Mar, mar y más mar

¡Ey! ¿Cómo van esas vacaciones? Las mías a ratitos. Una semana por aquí, otra por allá, otra trabajando... es la mejor manera de pasar el verano. Pero lo que no falta nunca mis vacaciones es el mar. Ya sea más cerca o más lejos, pero una, que aún es muy niña, tiene que pasarse el día chapoetando en el agua y notando como se pega la sal en la piel. De hecho, mi olor preferido es ese que notas, cuando al salir del agua, se mezcla el sol, la arena, la sal y bronceador... ummmm... ¡huele a verano!
Por favor, que alguien invente una colonia así, para tenerla en la mesilla las largas noches de invierno. ¿Os imagináis? poder oler el mar en cualquier momento y en cualquier época del año en tu casa.


Este verano he pasado una semana en México, y qué deciros... me he enamorado de sus playas, su gente, sus barreras de coral, sus bichitos animalitos y hasta he probado el picante.


Y sentada justo en esta playa, decidí que cuando sea viejita, pero no muy viejita, me retiraré allí, compraré esa barquita y me pasaré el día navegando, viendo tortugas, peces y delfines.


Porque no creo que haya mejor lugar en el mundo, con playas tan preciosas, gente tan amable y simpática, comida tan rica y tanta paz como allí.


Bueno, lo mismo dije cuando estuve en Mauricio hace unos años, pero el idioma condiciona un poquito. ¿No os pasa que allí donde vais de vacaciones os queréis quedar a vivir?


A mí sí.
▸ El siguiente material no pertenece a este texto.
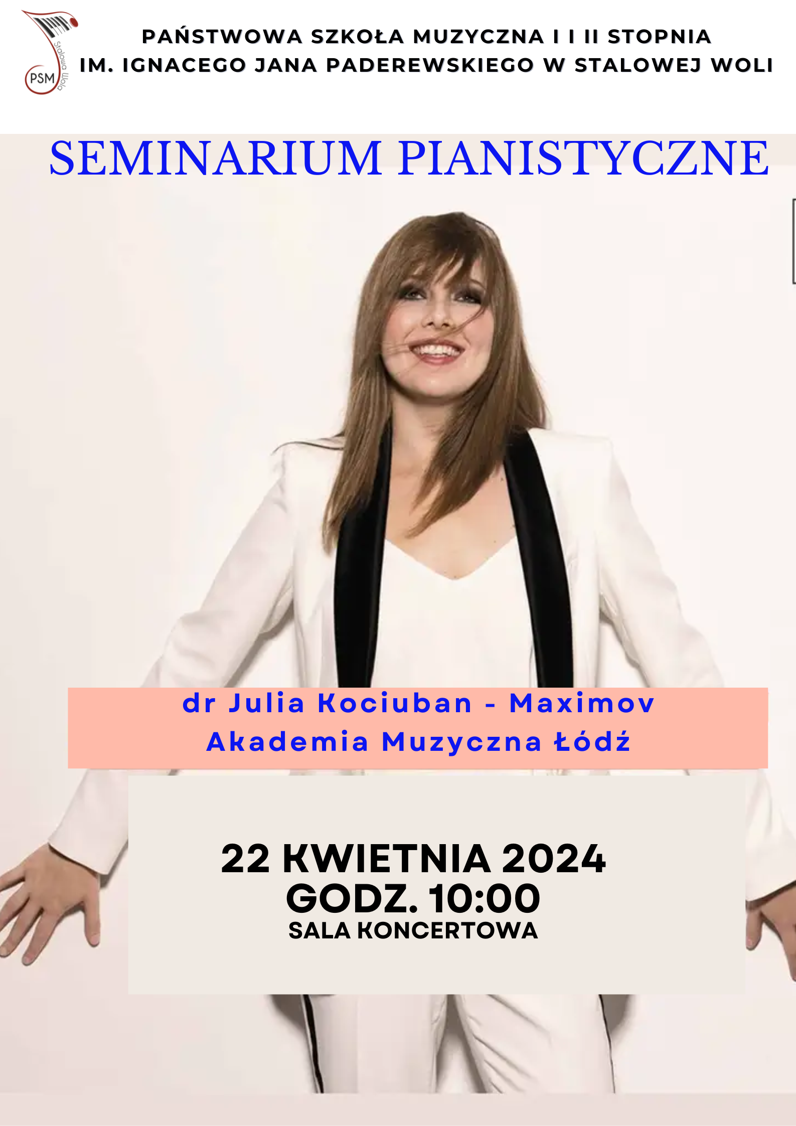 Seminarium pianistyczne dr Julia Kociuban-Maximov 22 kwietnia 2024 18.04.2024 Serdecznie zapraszamy Zdjęcia (1) Pokaż zdjęcie 1 z galerii.

Viviría allí donde sea y cuando estoy de vuelta, en el avión, empiezo a planificar. Ok, Eva, me digo, tres meses en México, otro en África, un par más en Estados Unidos y luego de vacaciones a Asia. Y lo que quede del año, pues ya iremos viendo, que siempre hay que dejar unos días para visitar a la familia.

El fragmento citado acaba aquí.